[[ DATA EXTRACT open ]]

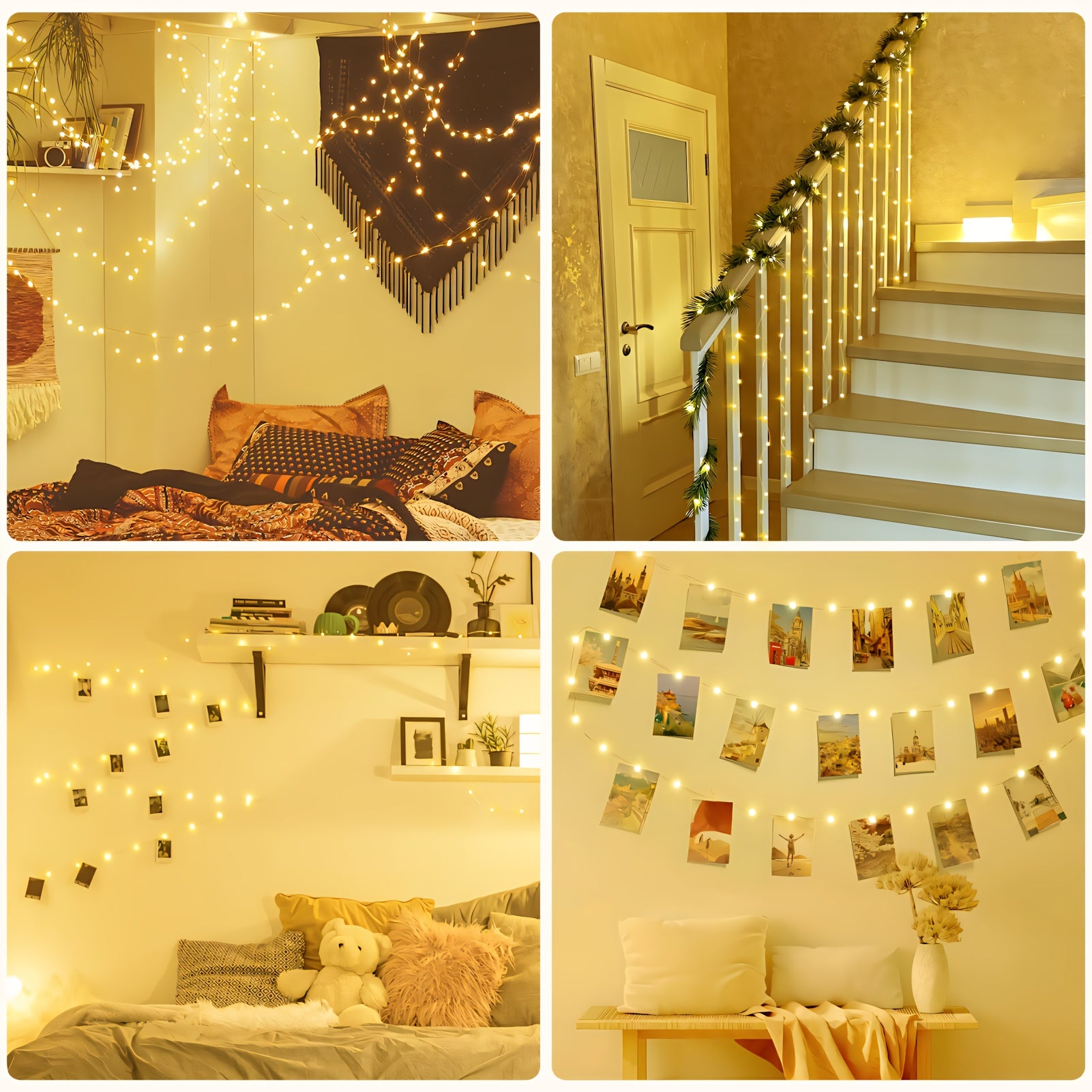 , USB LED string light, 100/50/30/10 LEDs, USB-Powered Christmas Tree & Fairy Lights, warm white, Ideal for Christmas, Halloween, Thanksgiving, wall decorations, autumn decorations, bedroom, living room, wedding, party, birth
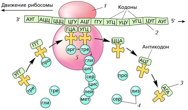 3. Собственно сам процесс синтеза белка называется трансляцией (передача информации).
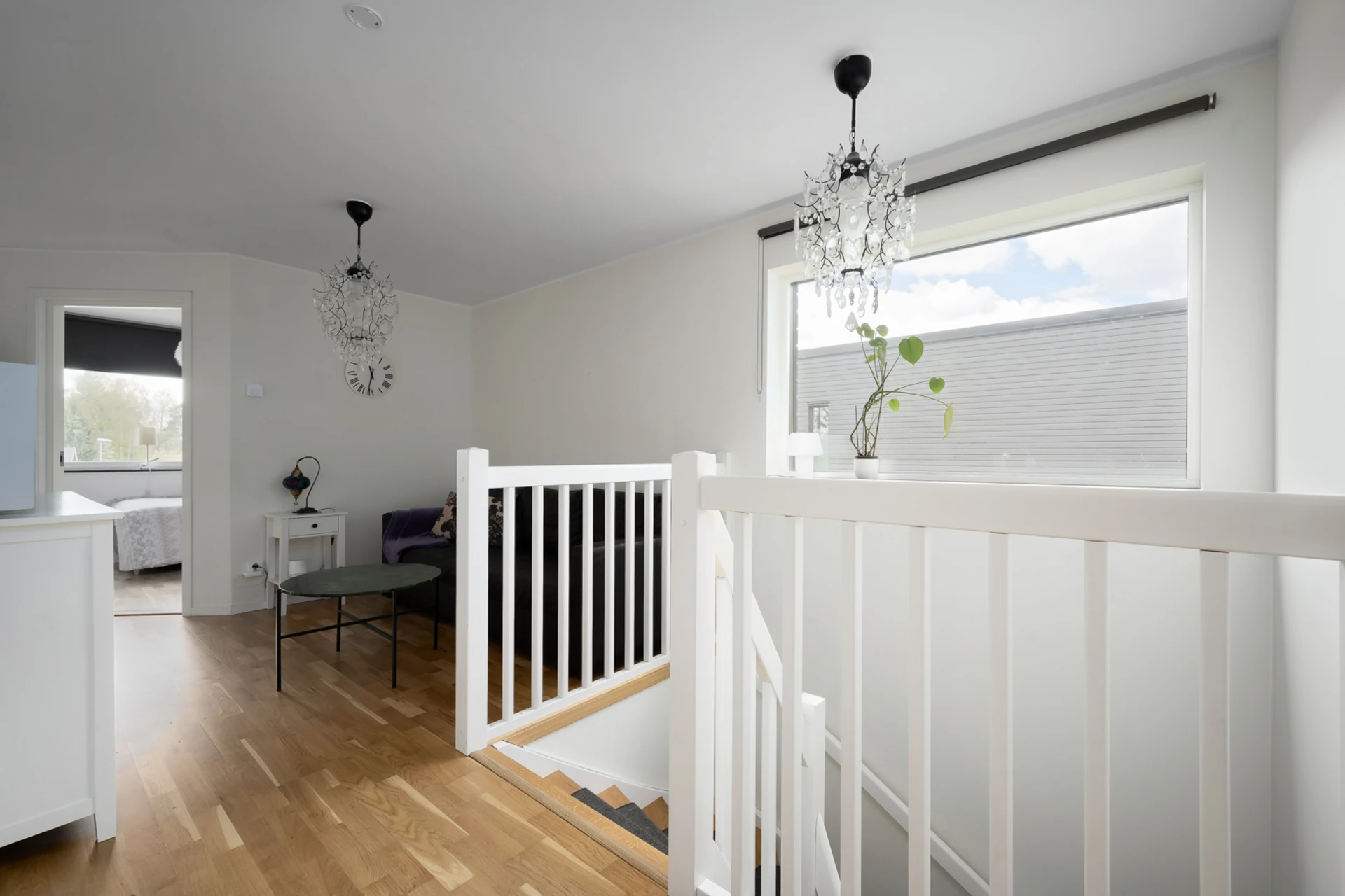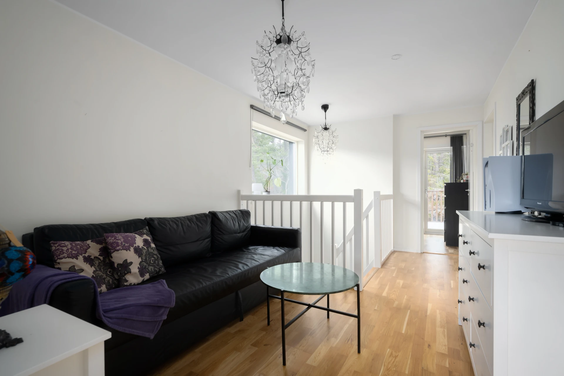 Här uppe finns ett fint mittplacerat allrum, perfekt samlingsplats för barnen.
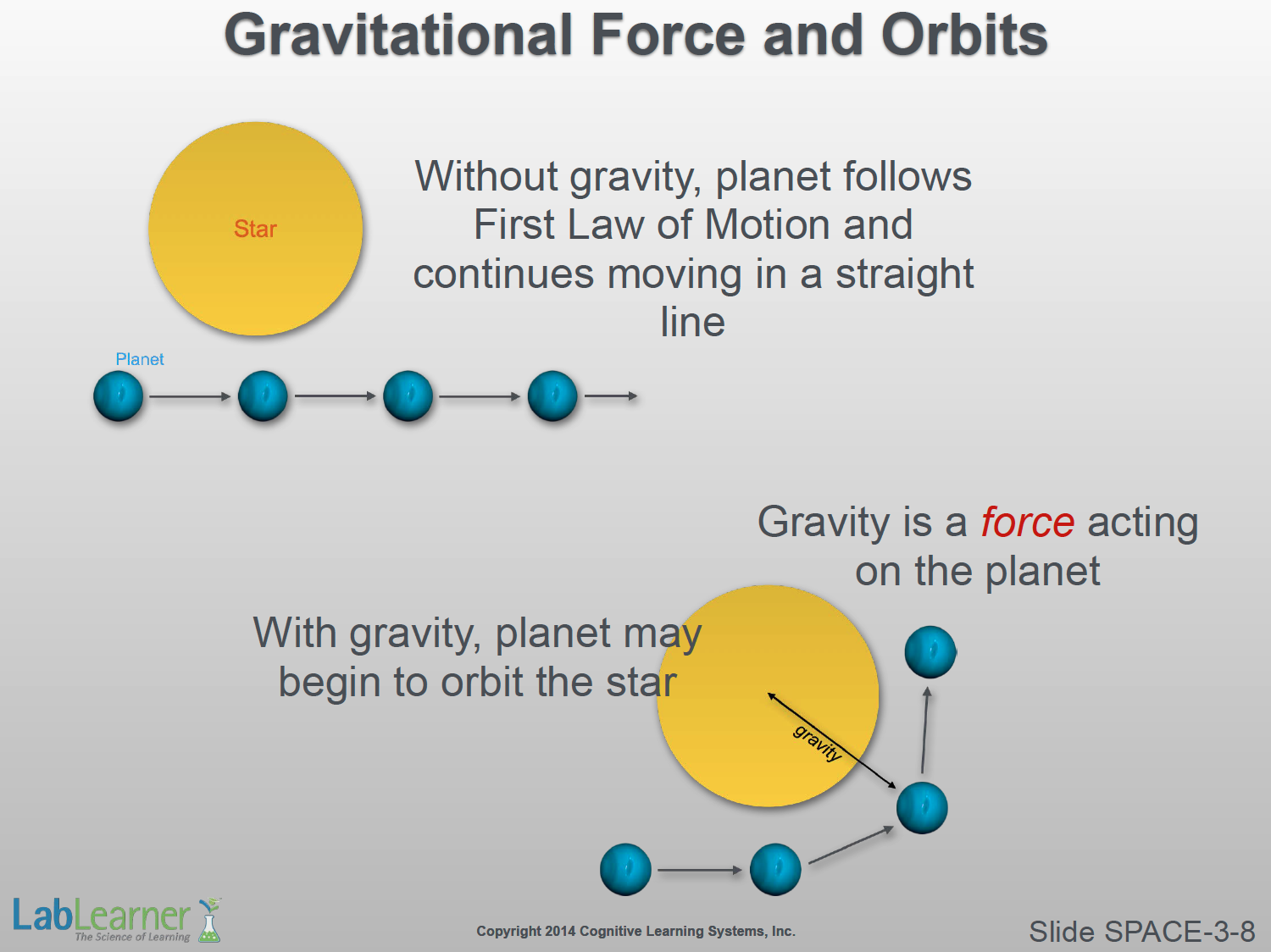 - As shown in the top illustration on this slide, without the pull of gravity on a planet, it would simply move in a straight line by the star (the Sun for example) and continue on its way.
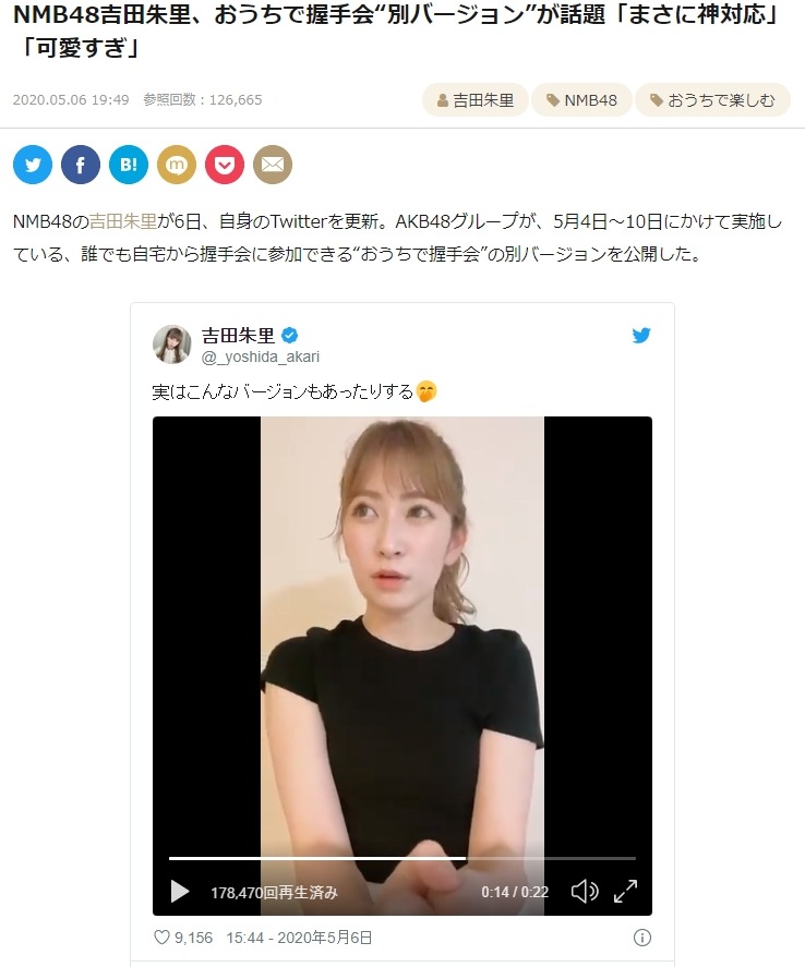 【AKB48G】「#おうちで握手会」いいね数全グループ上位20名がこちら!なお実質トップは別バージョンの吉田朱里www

[[ DATA EXTRACT closed ]]

The expected output is an exact copy of the lines from the top of the data above through the line containing "3. Собственно сам", both included, with every picture omitted.

 , USB LED string light, 100/50/30/10 LEDs, USB-Powered Christmas Tree & Fairy Lights, warm white, Ideal for Christmas, Halloween, Thanksgiving, wall decorations, autumn decorations, bedroom, living room, wedding, party, birth
 3. Собственно сам процесс синтеза белка называется трансляцией (передача информации).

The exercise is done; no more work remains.